I have the same issues with URLRouter too, so don't bother. i have no clue why this memory problem occured suddenly (as in last year at some point) but not a lot people seem to bother

On Sat, Feb 21, 2015 at 1:21 PM, Darius Clark notifications@github.com wrote:

@etcimon https://github.com/etcimon So far it looks like it still have yet to be resolve. If you run the example/web example and use "ab -k -n 1000000 -c 1000 http://localhost:8080/" several times (several times as in possibly 4 or 5 if not more), you would see that the memory is not being freed up like it should after the benchmark have ended. I waited several hours and the memory isnt freed. I would use LDC but it would require major changes in my code and one library i use, ldc breaks. GDC could be an option. I may try using the latest dmd but i dont think its stable for production. At this rate i might have to split my project in have and migrate one half to go and leave the other half alone and hope it would reduce the overhead. I have yet to try the normal way with URLRouter or a rest interface but the web interface meets more of my need.

— Reply to this email directly or view it on GitHub https://github.com/rejectedsoftware/vibe.d/issues/924#issuecomment-75369367 .

dariusc93 commented 9 years ago

@Extrawurst What version of vibe.d and what version of dmd?

extrawurst commented 9 years ago

@dariusc93 Using dmd 2.065 and 2.066.1 and vibe.d 0.7.22

dariusc93 commented 9 years ago

@Extrawurst Have you tried using the latest code within the master repo?

extrawurst commented 9 years ago

@dariusc93 last time i checked was beginning of dec '14 - i wonder what of the few commits since then should change any of the above ?

dariusc93 commented 9 years ago

@etcimon What would be the best way to debug this issue to see where the leak is coming from?

etcimon commented 9 years ago

@etcimon What would be the best way to debug this issue to see where the leak is coming from?

You'd have to enable GC printf debugging and write everything to a log. All pointers allocated or freed should appear here. You isolate the pointers so that nothing else appears on the line, pipe it into uniq in the logs to find dormant allocations.

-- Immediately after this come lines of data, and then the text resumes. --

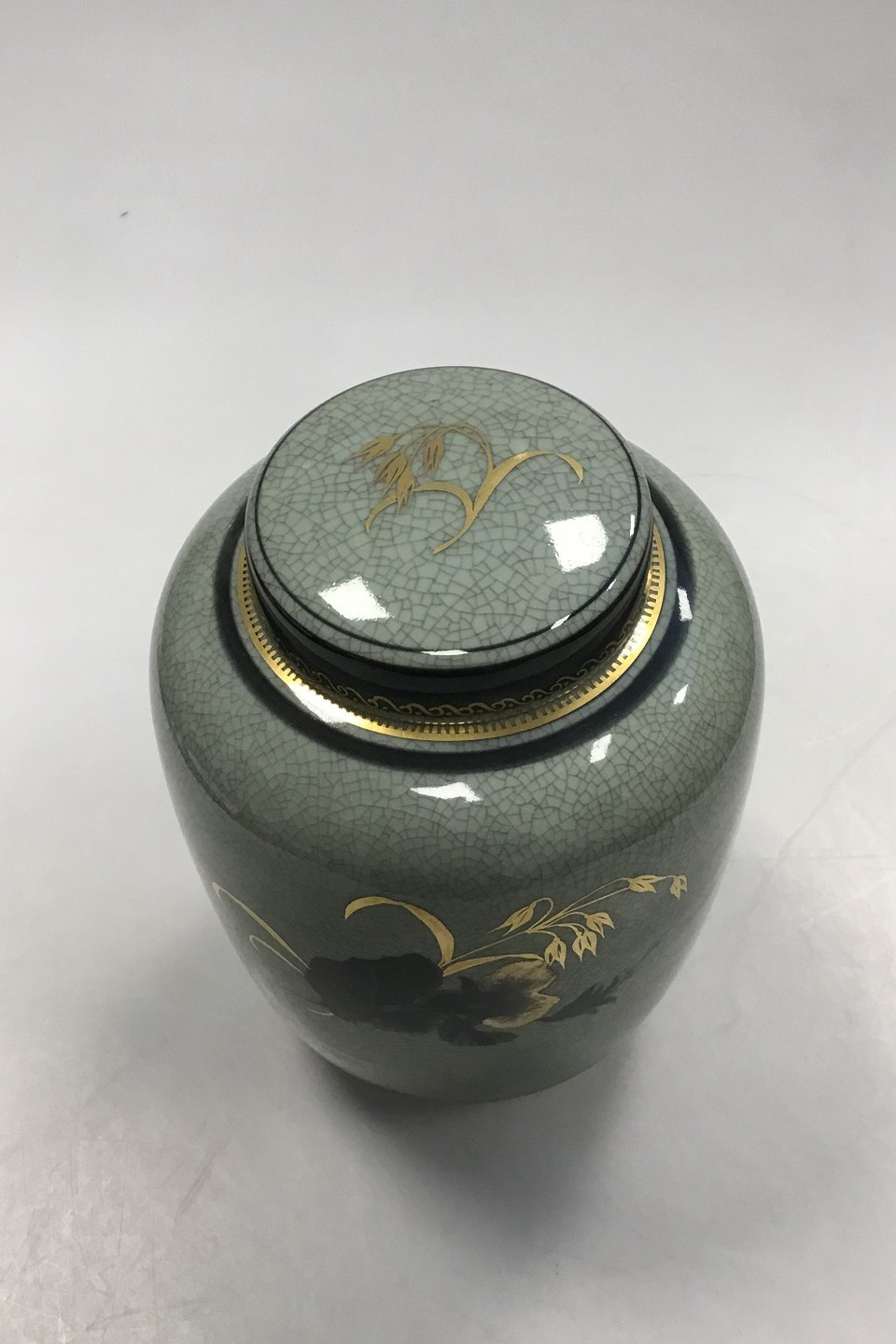 Royal Copenhagen Green Cracle Glaze Lidded Vase/Urn with Flower decoration with Gold No 5010/888 . Measures 23,5 cm / 9 1/4 in.
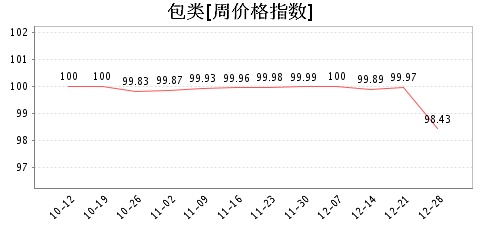 包类本周价格指数为98.43点,小幅下调。包类行业近期春季新品基本上架完毕,挎包、拎包、背包多加入流苏、绒面、金属链条、粘花等装饰,褶皱、编织在皮制类挎包上也有大量使用,客户反应良好,补货较多;随着春节临近,节庆因素利好旅游包、大挎包的销势,红色系为主的款式销售较好;手提包、拉杆包等帆布材质的两用包销售走俏;书包类产品销势平稳,等待年后开学季旺销行情。
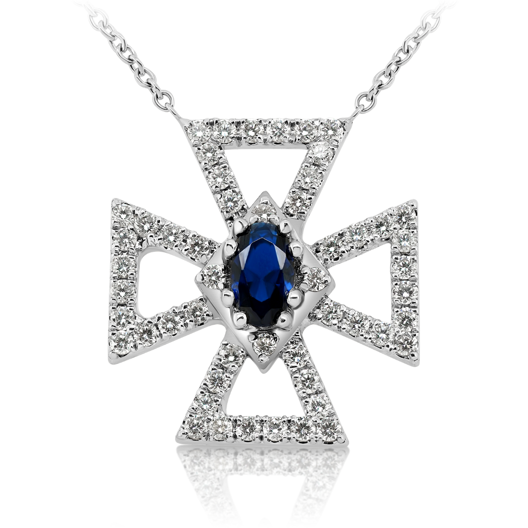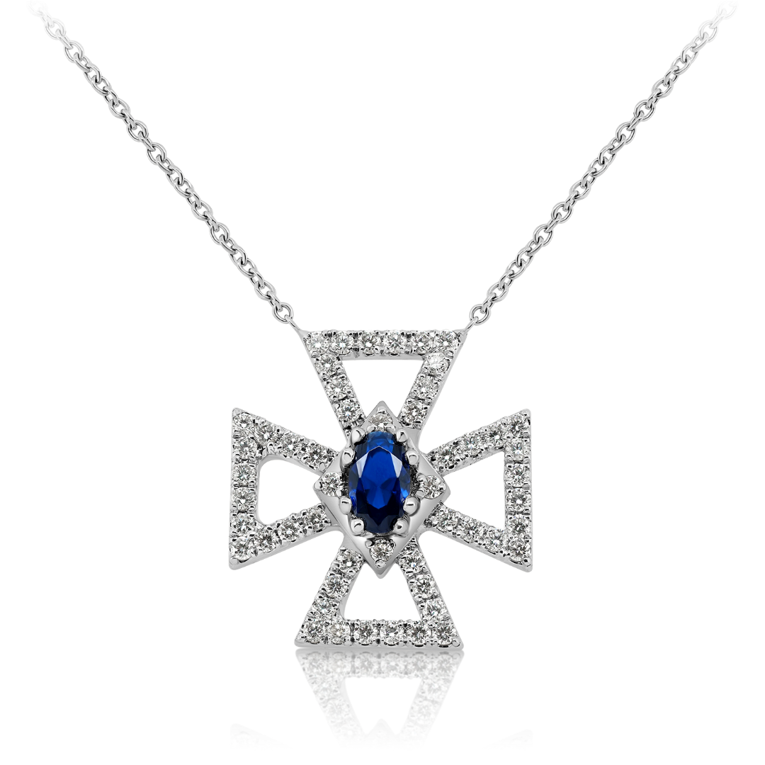 Colier din aur alb de 18K inspirat din bijuteriile Reginei Maria a României. Pandantivul cruce este încrustat cu un Safir albastru de 0.20ct și Diamante brilliant cut de 0.26ct.

Once you find the dormant allocation, you restart the application in GDB with a watch *(long*) 0xffffffff where 0xffffffff is the pointer to the object. This should insert a data breakpoint that monitors activity in this memory location. You run the application and it should stop the program when this location is touched, so at that point you print the call stack using the GDB command bt (backtrace), and if it's nothing important just enter c (continue) to keep going. With the most recent GDB it should give you the entire demangled stack which ends with GC.qalloc or something like that.

Once you know where this dead object was created, you'll know what it was and you can try and figure out where you're leaving references around and clean those up. If you're a power user, you can try to create a function that does this automatically through thread_scanAllType when given a pointer, and call that from GDB using an extern(C). You then watch the matching data locations that hold your pointer, in GDB, to find the call stack and see what objects hold those references. Edit This will not find pointers in the heap, and you can't know what the GC is actually watching in the heap unless you write lots of debugging code in the GC itself to log the marking process for specific memory ranges.

If the references were slices, you'll probably have a hard time finding them because the pointer can be to anything inside the allocated range.

It would be great to have a utility that does all of this automatically inside an IDE. Maybe a Mono-D extension.

Unfortunately, the only other ways I know of is simply not using the GC, or proof-reading every allocation. Maybe upgrading druntime to the most recent version could also fix this, if it was a maximum pool size issue.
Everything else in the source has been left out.